In the absence of a roadmap, Liberals mused that their commitment, without the means to achieve such an arbitrary goal, could draw on the notion of total electrification of the Canadian economy. But reality seems to provide serious challenges to such a lofty, untested proposal. 

Setting aside the fact that most electricity produced in Canada is already non-fossil fuel based, emissions-free sources, with 82% currently supplied by hydro and nuclear, it’s hard to imagine any alternative that could replicate the reliability and cost effectiveness of the current advanced electrical power infrastructure. 

Renewables, the default offering of those unfamiliar with the effect their introduction has had on Ontario hydro ratepayers, have a proven track record of being both costly and unreliable. Without effective means of storage, both solar and wind generation fall short of providing stable supply for a nation that could well have a population of over 45 million by 2050. 

Worse, the means of transmitting electricity will require a dramatic reinvestment in infrastructure that would, with the cost of retrofitting buildings and homes, place costs into the multi-trillions of dollars. If, for example, New Zealand’s similar promise of achieving zero emissions in 30 years could cost that country an estimated 2-3 trillion dollars, it should come as no surprise that, according to a recent study by the Global Warming Policy Foundation in Britain, such a move will cost every household approximately $200,000, or $6 trillion in Canadian terms.

Placing all Canada’s eggs in one electric only energy basket also runs risks that ironically, should be obvious to climate alarmists, who use every incident of inclement weather as proof positive of the effects of man-made greenhouse gases causing weather disturbances, like ice storms and high winds. 

If last summer’s hurricanes in Nova Scotia weren’t enough to prove that electric towers were no match for high winds, eastern Canada has had several ice storms, including one in Quebec in December which knocked out power to millions for a period of a few days - a problem that was mitigated by the availability of natural gas and propane.

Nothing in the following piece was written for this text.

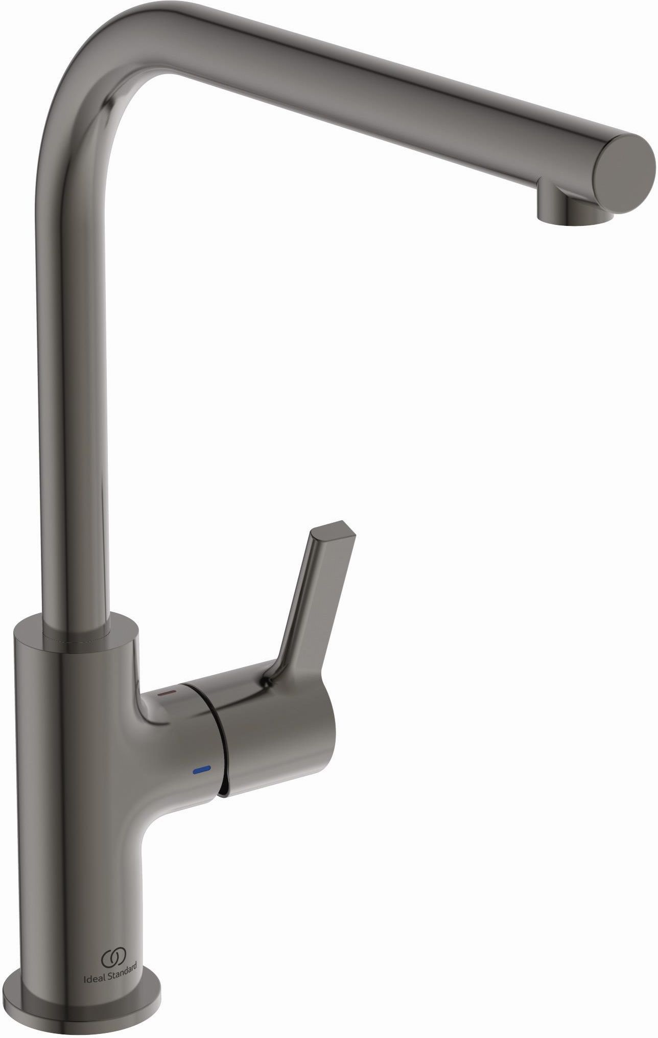 Kran linii kuchennej z rurkowym i obrotowym wysokim ustem L System otwierania w zimnej wodzie BlueStart zapewnia oszczędność energii oraz szybki i łatwy system mocowania EasyFix+ Wyposażony w wkład Firma Flow 28 mm, zaprojektowany tak, aby trwały, o maksymalnym natężeniu przepływu 9 l/min Z zaworem zwrotnym i wężami z mocowaniem G3/8" Oryginalny Ideal Standard

Lacking leadership and vision, the Liberal government allowed itself to be pressured into committing to something without a plan, just to achieve an outcome fraught with unknown consequences. By the stroke of a pen, Trudeau almost totally ignored cutting edge work done by this nation to date, as well as ongoing proven efforts in building a clean energy infrastructure that are second to none. 

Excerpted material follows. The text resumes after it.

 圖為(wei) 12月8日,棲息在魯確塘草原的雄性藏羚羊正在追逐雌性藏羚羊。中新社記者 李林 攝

In discounting the Canadian miracle of its energy diversity and ground-breaking energy related innovations, the Prime Minister recklessly placed the country on a path fraught with uncertainty that is sure to be economically perilous, prohibitively costly, and threatening to the very unity of the nation.     

The sky is not falling, and Canadians should know better than excuse its government from adopting pie-in-the-sky policies.